--- SUPPLIED DATA Enclosed Below ---

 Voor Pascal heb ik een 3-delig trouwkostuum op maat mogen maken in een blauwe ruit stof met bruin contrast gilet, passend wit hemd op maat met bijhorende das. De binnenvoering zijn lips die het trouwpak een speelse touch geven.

--- End of Enclosed SUPPLIED DATA ---
--- SUPPLIED DATA Enclosed Below ---

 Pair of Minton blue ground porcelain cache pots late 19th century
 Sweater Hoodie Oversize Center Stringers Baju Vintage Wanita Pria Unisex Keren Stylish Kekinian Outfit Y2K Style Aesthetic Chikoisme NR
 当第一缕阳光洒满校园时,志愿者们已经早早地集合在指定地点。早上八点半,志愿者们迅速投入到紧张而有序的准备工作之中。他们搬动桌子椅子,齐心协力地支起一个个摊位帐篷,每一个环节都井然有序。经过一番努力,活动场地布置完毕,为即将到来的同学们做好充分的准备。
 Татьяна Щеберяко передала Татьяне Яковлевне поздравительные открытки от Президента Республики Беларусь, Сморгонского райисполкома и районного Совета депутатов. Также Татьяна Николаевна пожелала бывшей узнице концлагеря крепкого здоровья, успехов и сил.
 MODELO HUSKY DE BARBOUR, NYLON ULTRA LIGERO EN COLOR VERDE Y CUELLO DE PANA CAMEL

--- End of Enclosed SUPPLIED DATA ---

[ASSIGNMENT]
Everything from the line with "Pair of Minton" through the line with "MODELO HUSKY DE" in the listing above must be retyped exactly, with nothing added.

[RESULT BELOW]
 Pair of Minton blue ground porcelain cache pots late 19th century
 Sweater Hoodie Oversize Center Stringers Baju Vintage Wanita Pria Unisex Keren Stylish Kekinian Outfit Y2K Style Aesthetic Chikoisme NR
 当第一缕阳光洒满校园时,志愿者们已经早早地集合在指定地点。早上八点半,志愿者们迅速投入到紧张而有序的准备工作之中。他们搬动桌子椅子,齐心协力地支起一个个摊位帐篷,每一个环节都井然有序。经过一番努力,活动场地布置完毕,为即将到来的同学们做好充分的准备。
 Татьяна Щеберяко передала Татьяне Яковлевне поздравительные открытки от Президента Республики Беларусь, Сморгонского райисполкома и районного Совета депутатов. Также Татьяна Николаевна пожелала бывшей узнице концлагеря крепкого здоровья, успехов и сил.
 MODELO HUSKY DE BARBOUR, NYLON ULTRA LIGERO EN COLOR VERDE Y CUELLO DE PANA CAMEL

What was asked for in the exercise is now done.